4. Page 2-3 Lines 100-102: The polymorphisms rs2844482 (c.-177-145C>T) and rs2071590 (c.-177-144A>G) in the promoter region of the LTA gene were analyzed, based on previous observation of their possible association with migraine phenotype.: Reference needed about the observations because all the hypothesis testing is based on this. Why didn't you use rs2009658 and rs2229094 also as Oikari et al did? DOI: 10.1016/j.gene.2012.09.116

Text has been emended according to the reviewer suggestion and references have been quoted at the end of the sentence (page 3, lines 109-112). Specifically, we did not test the rs2009658 and rs2229094 SNPs because Oikari et al. (reference 29) demonstrated no association with migraine in the Australian Caucasian case-control population examined. This lack of association was confirmed by Stuart et al. (reference 30), who showed no association with migraine susceptibility in a large Caucasian population. Thus, we limited our study to rs2844482 (shown to significantly associate with migraine) and rs2071590 (shown to significantly associate with migraine susceptibility) as reported by Lee et al. (reference 27).

5. TABLES: Write abbreviations below the tables: eg WT wild type, HET, HOM , SNP etc

Tables have been emended according to the reviewer suggestion.

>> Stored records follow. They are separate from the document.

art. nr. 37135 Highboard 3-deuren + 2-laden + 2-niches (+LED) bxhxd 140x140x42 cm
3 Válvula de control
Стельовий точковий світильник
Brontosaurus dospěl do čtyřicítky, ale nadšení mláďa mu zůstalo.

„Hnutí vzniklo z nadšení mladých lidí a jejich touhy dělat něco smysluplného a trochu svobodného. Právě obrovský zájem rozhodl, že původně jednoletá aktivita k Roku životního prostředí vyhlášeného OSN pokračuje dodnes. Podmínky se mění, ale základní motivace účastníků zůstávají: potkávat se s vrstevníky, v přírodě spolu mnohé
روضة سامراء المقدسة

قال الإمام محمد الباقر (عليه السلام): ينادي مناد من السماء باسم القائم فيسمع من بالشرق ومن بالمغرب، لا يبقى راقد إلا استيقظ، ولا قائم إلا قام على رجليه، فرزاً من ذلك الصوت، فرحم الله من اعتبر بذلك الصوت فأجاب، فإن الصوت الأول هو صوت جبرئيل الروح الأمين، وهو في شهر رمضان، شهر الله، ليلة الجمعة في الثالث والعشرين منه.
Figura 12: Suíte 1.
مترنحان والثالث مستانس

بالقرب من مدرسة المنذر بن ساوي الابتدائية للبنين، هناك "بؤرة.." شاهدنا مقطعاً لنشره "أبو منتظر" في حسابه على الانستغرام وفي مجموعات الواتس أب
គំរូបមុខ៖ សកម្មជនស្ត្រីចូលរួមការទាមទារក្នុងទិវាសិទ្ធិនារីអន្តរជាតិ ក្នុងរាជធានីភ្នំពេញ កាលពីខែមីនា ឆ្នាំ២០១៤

6. Page 4 Lines 132-135: Was this association made for the migraine (case) group? If yes please clarify.

Text has been emended according to the reviewer suggestion (page 4, line 149).

7. Limitations: Please add to the limitations the fact that in this case control study no MRI and analysis was performed to the control group.

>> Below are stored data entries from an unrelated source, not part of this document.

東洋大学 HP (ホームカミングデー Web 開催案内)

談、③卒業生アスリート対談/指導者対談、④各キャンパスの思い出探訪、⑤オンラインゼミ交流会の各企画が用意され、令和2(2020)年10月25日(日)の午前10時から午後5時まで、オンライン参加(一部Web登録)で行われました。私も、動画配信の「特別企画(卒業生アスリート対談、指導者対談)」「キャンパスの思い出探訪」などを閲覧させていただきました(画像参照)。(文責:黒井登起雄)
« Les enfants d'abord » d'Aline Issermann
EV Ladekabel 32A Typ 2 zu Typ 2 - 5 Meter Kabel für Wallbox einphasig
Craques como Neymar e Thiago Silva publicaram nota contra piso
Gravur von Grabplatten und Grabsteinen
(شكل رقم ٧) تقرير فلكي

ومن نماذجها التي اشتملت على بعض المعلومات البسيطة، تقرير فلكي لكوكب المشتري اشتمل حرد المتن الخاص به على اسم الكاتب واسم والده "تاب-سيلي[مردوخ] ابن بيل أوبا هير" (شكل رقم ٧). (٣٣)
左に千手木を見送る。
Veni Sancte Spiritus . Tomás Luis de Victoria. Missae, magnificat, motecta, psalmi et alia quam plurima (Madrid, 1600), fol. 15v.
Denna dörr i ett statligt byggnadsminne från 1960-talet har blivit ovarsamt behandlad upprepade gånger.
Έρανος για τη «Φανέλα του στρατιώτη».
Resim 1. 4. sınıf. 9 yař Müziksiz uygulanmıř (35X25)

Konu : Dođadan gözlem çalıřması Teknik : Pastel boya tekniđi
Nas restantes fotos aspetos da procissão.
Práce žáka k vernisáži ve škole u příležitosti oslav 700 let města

Text has been emended according to the reviewer suggestion (page 7, lines 274-276)

8. Would you consider mentioning other gene polymorphisms (of white matter lesions) to the discussion, such as htra1?

This would be a very interesting topic to be addressed. However, in our opinion a discussion of other gene polymorphisms (of white matter lesions) would very highly speculative and not substantiated by any experimental finding. Concerning specifically the HTRA1 gene, beside the fact that we do not have any data, and despite its suggested association with WMHs in other clinical settings, to the best of our knowledge there is only one report in migraine patients, showing no association. In light of these considerations, we do not believe that this is the most suitable context for discussing this topic. We hope the reviewer will agree with our considerations. If not, we are ready to further revise the document accordingly.